= Beginning of Section =

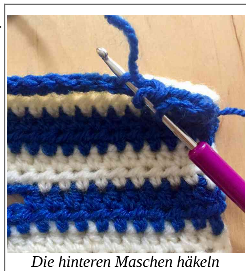
Die hinteren Maschen häkeln

Rd 1: Blaues Garn; Für den Knick nur die hinteren Maschen häkeln. 35 hStb (lange Seite) + 16 hStb (kurze Seite) + 35 hStb (lange Seite) + 16 hStb (kurze Seite). Insgesamt 102 Maschen. Die Runde mit einer Km schließen und eine Lm für die Erhöhung
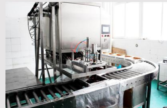
块状火锅底料灌装机
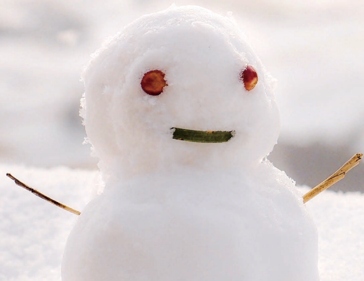
「平尾台の雪だるま」
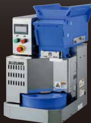
汎用おむすび成形機 MOS-FMC
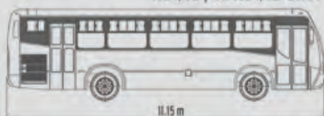
Modelo 1524/52 y 1624/52 Chasis OH 1524/52 y OH 1624/52 EuroV
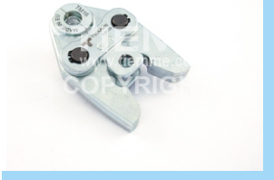
Pinze "TM" per pressature "TM" pressing tongs
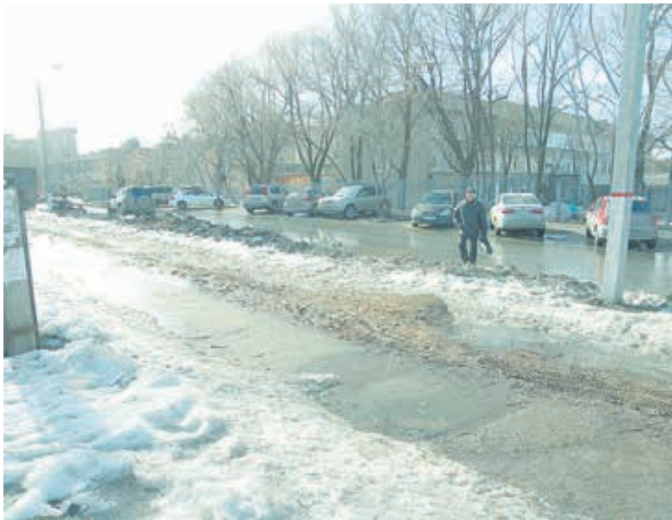
Тротуар на ул. Баумана до ремонта...

Продолжается и ремонт проезжих частей улиц. Идёт подготовка к дорожным работам на Коммунальном мосту через Каму, начался ремонт ул. Революции от ул. Островского до бульвара Гагарина.
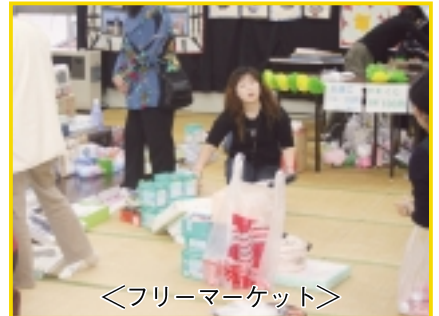
＜フリーマーケット＞
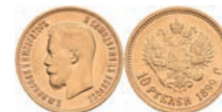
522 10 Rubel, Gold, 1899, Nikolaus II., Fb. 179, kl. Rf., ss. 450,—
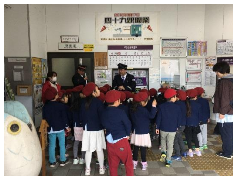
(電車の乗り方教室の様子)
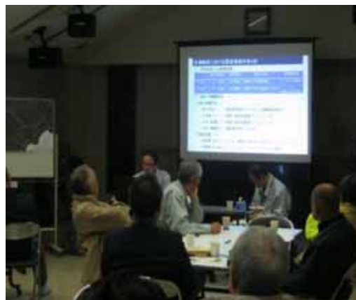
第 2 回地区協議会資料説明
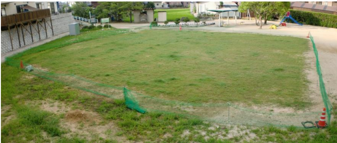
2か月経過（平成22年8月中旬撮影） 全体に広がり、順調に育ってくれました
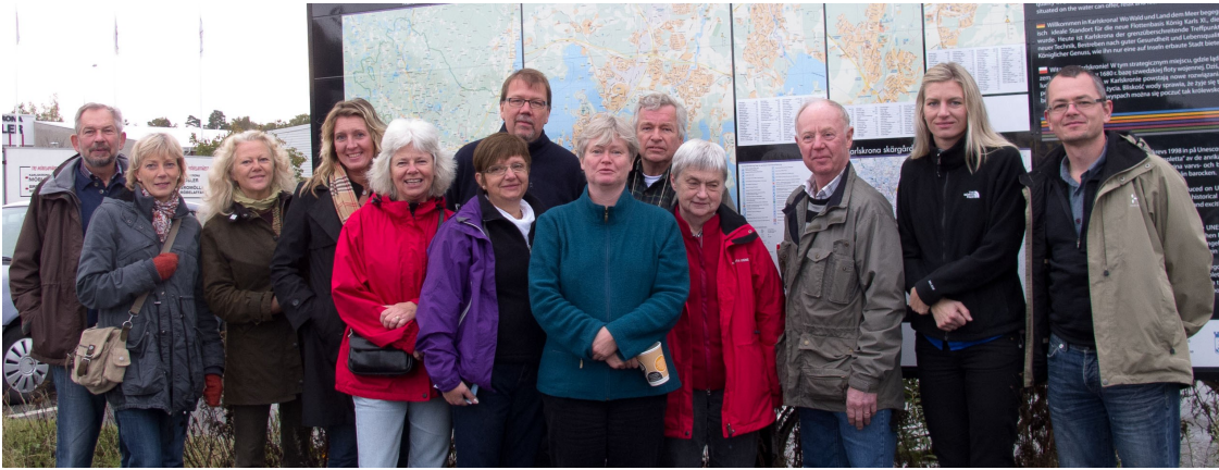
Samtliga deltagare från första studieresan till Kristianstad Vattenrike samt Blekinge arkipelag.
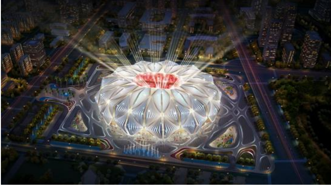
恒大集团广州足球场灯光秀效果图

报告期内实现营业收入19,083.68万元，比去年同期增长13.38%，占主营业务收入比重从18.54%提高到19.40%，保持了稳定增长。报告期内公司完成了太原市长风商务区内河景观提升、南通市紫琅公园紫琅湖光影水秀和恒大集团广州足球场灯光秀等项目。
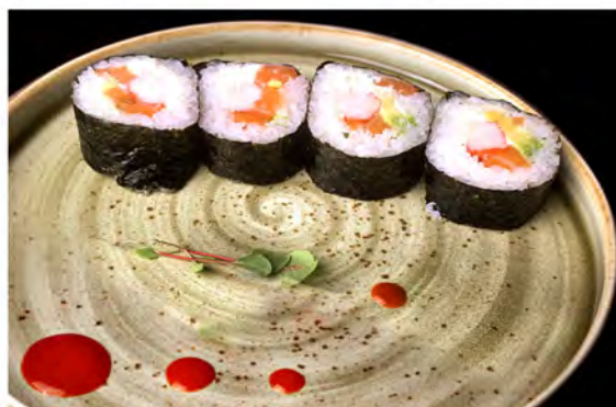
95. Futomaki salmon € 10,00 rotolo di riso con alga nori esterno con salmone avocado, philadelphia, surimi
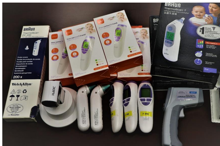
不同類型探熱計，方便師生量度體溫。

而防疫更需注意雙手清潔，學校在洗手間會提供洗手液。而在學校大門及課室均有搓手液供同學清潔雙手。並已購換百多個有蓋垃圾桶放置於不同地點， 希望同學善用，一同守護公共衛生。
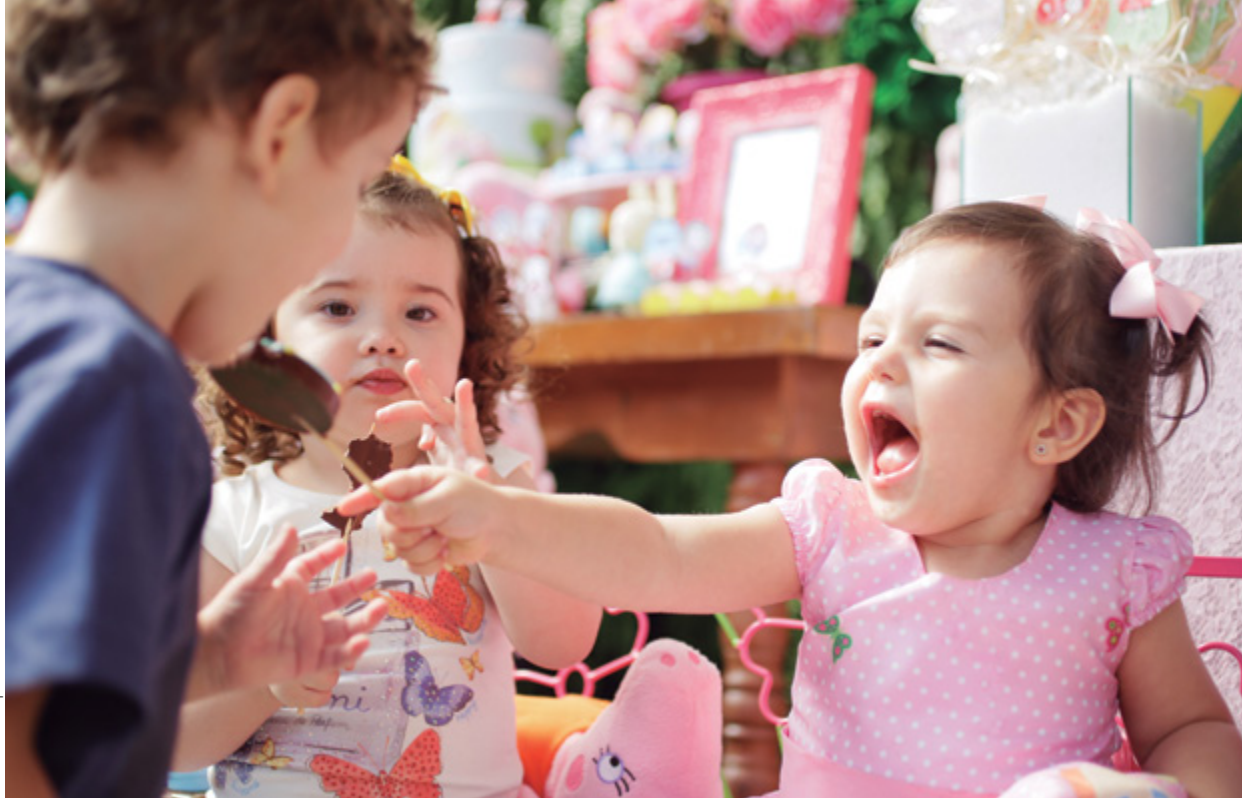
Registros da criança com os amigos é essencial (acima); para obter imagens espontâneas, o fotógrafo precisa ser aliado dela na hora da brincadeira (abaixo)

de. Evite pedir poses, apenas registre as atitudes naturais durante as brincadeiras, que se estendem durante quase toda a festa, dependendo da idade da criança. Normalmente, os pais ficam impressionados com essas imagens, pois na maioria das vezes estão entretidos com a recepção de convidados e não conseguem acompanhar esses momentos tão de perto quanto você.
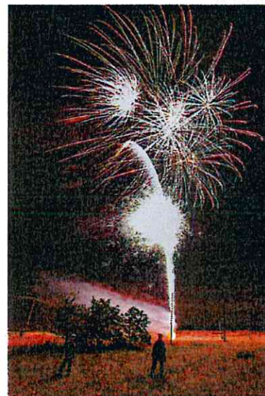
Feu d'artifice 13 juillet 2015
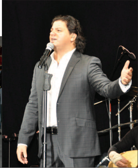
Kubat şarkılarını DAÜ'lüler için seslendirdi
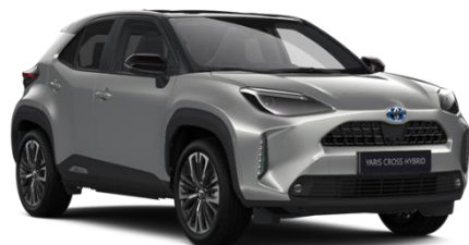
2VU Silver Metallic / Black
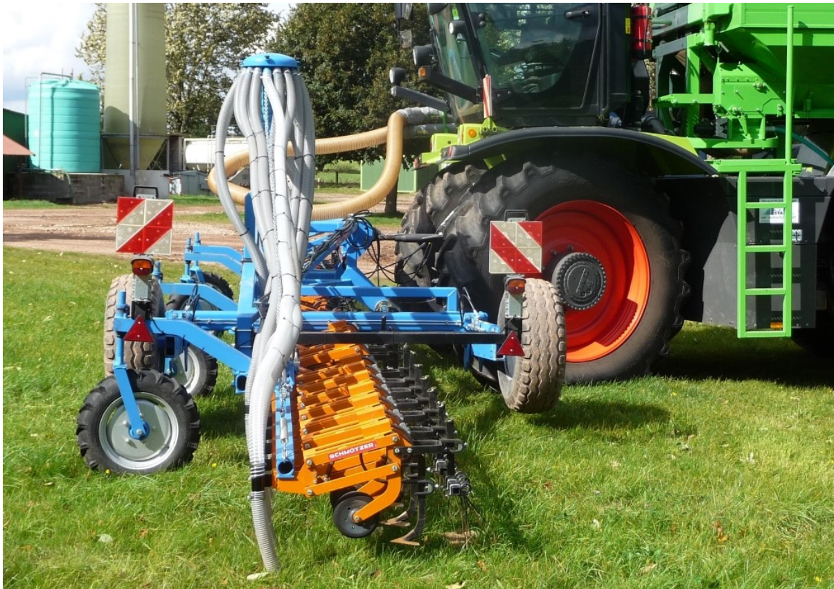
Aufbautank XEAT 2575 Inhalt 7500 Liter, Tankmaße innen 2,5 m Breite x 3,0 m Länge - mit 2 Düngerverteilern Ø125 mm oder 160 mm - max. Förderleistung bis 8 t/h oder 12 t/h → in Kombination mit Hacke 12 m
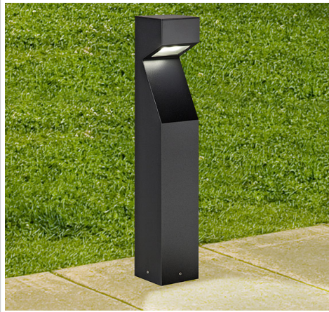
Thai - 1920
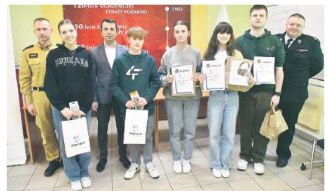
Najlepsi w kategorii uczniów szkół średnich.
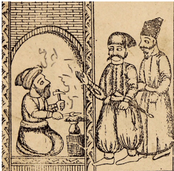
تصویر ۴: آمدن رکابدار و شمشیرساز به دکان زرگر (ناشناس، ۱۳۳۰: ۶)

کارش تمام شد اسبش را برداشت و به مغازه شمشیرساز رفت و از او طلب شمشیر خلیفه را کرد، اما شمشیرساز گفت: غلام شما همراه با اسبتان آمد و شمشیر را گرفت. رکابدار بسیار عصبانی می‌شود (تصویر ۴).
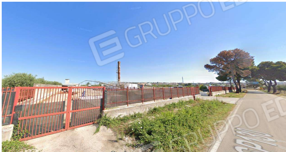
Vista dalla SP 130

c.f. FRZNN81R57A471W - Partita I.V.A. 04284360288

= End of Section =

-- WHAT YOU SHOULD DO --
Gather each line in the entries above where the string "شمشیرساز" is found.

-- ANSWER FOR THE TASK --
تصویر ۴: آمدن رکابدار و شمشیرساز به دکان زرگر (ناشناس، ۱۳۳۰: ۶)
کارش تمام شد اسبش را برداشت و به مغازه شمشیرساز رفت و از او طلب شمشیر خلیفه را کرد، اما شمشیرساز گفت: غلام شما همراه با اسبتان آمد و شمشیر را گرفت. رکابدار بسیار عصبانی می‌شود (تصویر ۴).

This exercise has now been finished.